Если прикажете, я могу туда подскочить.
– Не вижу в этом никакой необходимости, – посуровел сметливый
Тарайла, которому безоглядная преданность всегда внушала страх. От нее порой и до беды недалеко.
– Вообще-то она девчонка ничего. Усатого терпеть не могла. Меня до войны со всякими странами знакомила… В Азии, в Африке… Вам честно признаюсь, что по своей наивности я даже сватался к ней! – выпалил он в свою защиту и деланно рассмеялся.
– Я недавно гостил у своей тетушки Пране в Юодгиряе и никаких посторонних лиц там не обнаружил. За бдительность спасибо, но займись-ка ты лучше квартирой, – глядя на своего соратника в упор и пытаясь похвалой умерить его прыть, сказал Тадас.
– Но она там была. Клянусь Богом, была! Училась крестьянскому делу, чтобы уехать в Палестину.
– Может, и была, не спорю. Раньше и в Мишкине много чего было, да сплыло. Ломсаргис – человек проверенный. Патриот. Рисковать своим благополучием из-за какой-то еврейки не станет. Ты бы стал рисковать? Я стал бы? Подумай хорошенько!
– Не стал бы, наверно…
– То-то… “Ночью Элишева постучится…” И как только такие глупости тебе в голову лезут?! Не хочешь переезжать к Банквечеру, присмотри себе другое жилье. Например, дом парикмахера Коваля. Или он тоже с бритвой в руке может ночью постучаться?
– Коваль, тот вряд ли… – Томкус помолчал и вдруг признался: – А насчет глупостей, господин Тадас, вы в десятку попали. Если бы только знали, какая муть, какие кошмары мне снятся…
– Кошмары? Муть? А ты ненароком перед сном не того?.. – Тадас
Тарайла выразительно щелкнул себя указательным пальцем по шее. -
После ухода русских наши удальцы все спиртное из еврейских заведений растащили.
– Я не растаскивал и пью, слава Богу, в меру. Но что делать с этой мутью? В воскресенье такая дребедень приснилась, что и рассказывать тошно. Будто бы в Мишкине снова возвратились евреи и вывели нас, литовцев, из домов, построили в колонну на рыночной площади и оттуда мимо костела погнали в Зеленую рощу. А там будто бы всем велели рассчитаться на первый-второй и “вторых” ухлопали из автомата. При расчете я оказался “вторым”. Зять Банквечера Арон навел на меня свою игрушку, я вскрикнул и проснулся в холодном поту.

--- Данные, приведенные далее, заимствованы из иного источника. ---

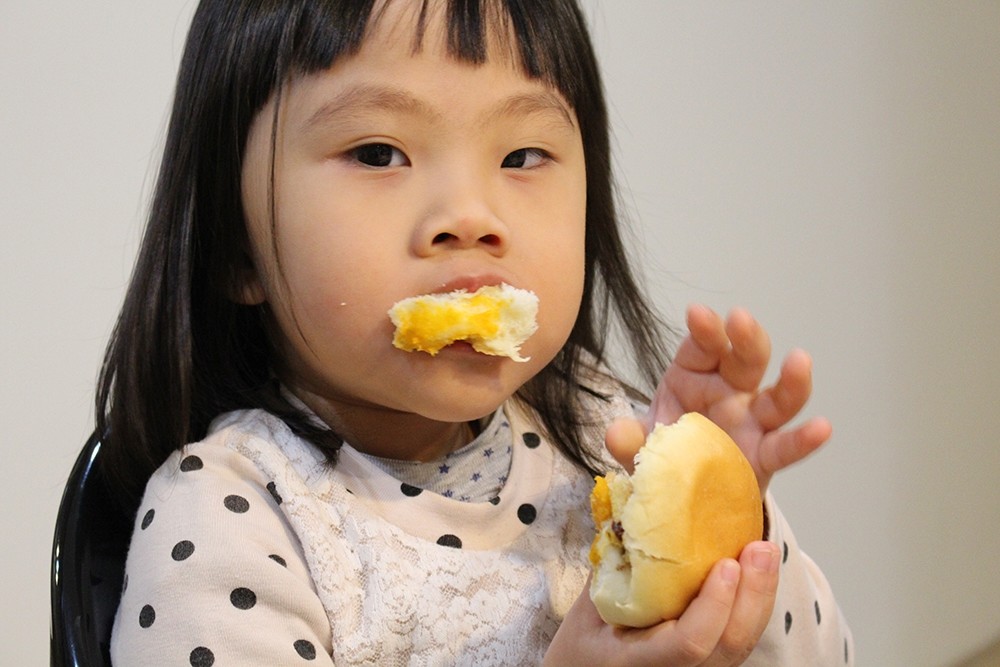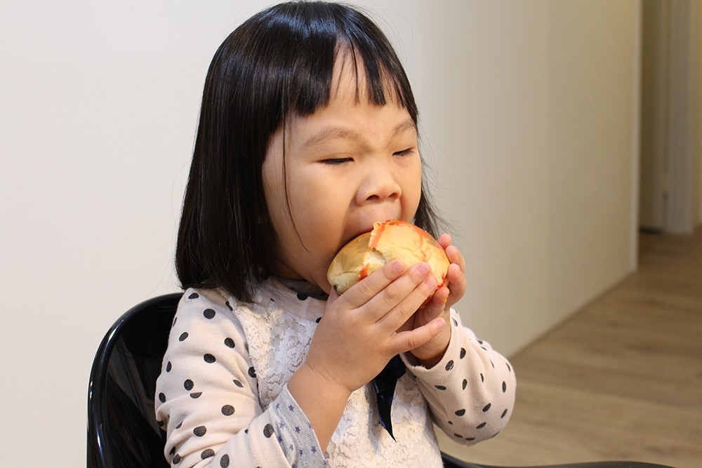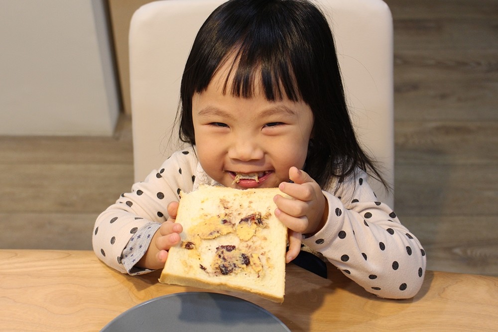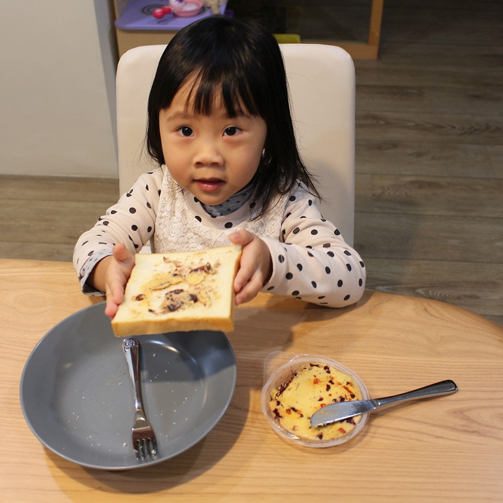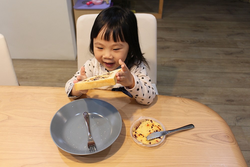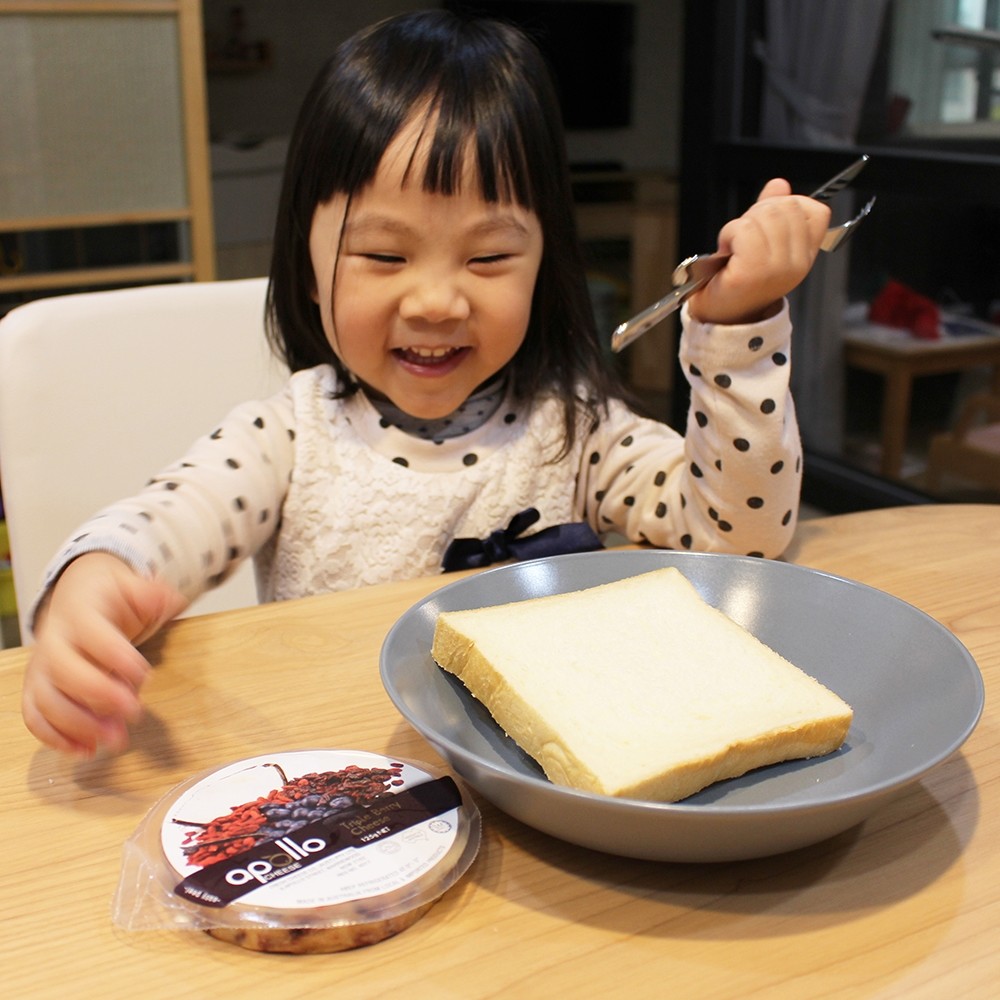 Apollo 莓果乾酪的特色是裡面有融入蔓越莓、藍莓以及養身的枸杞(也太會選了),結合香濃起司來夾麵包應該小朋友會很愛,而且吃起來超健康的啊!其實不管是什麼口味,只要搭配恰咪最喜歡的吐司她就超開心的了!

– Д-а-а… Ничего не скажешь. Интересные сны тебе снятся. Очень интересные, – повторил Тарайла. – От таких снов любой надрался бы до одурения. Но ты не расстраивайся – скоро Литва отвоюется, приколотишь над дверью вывеску “Юозас Томкус – мужской портной. Все шьет и все латает” и возьмешься за старое ремесло. Жизнь войдет в колею, и мы начнем жить и спать спокойно без выстрелов и стуков в дверь, без евреев и без русских. А если Бог смилуется, и без наших освободителей – немцев.
– Дай Бог, чтобы было именно так, как вы говорите, – пожелал себе и
Тарайле Томкус.
– А ты что – не веришь? – напрягся Тарайла.
– Верю, верю. Но не может ли, понас Тадас, случиться так, что евреев не будет, русских не будет, немцы уберутся восвояси, а кошмары останутся?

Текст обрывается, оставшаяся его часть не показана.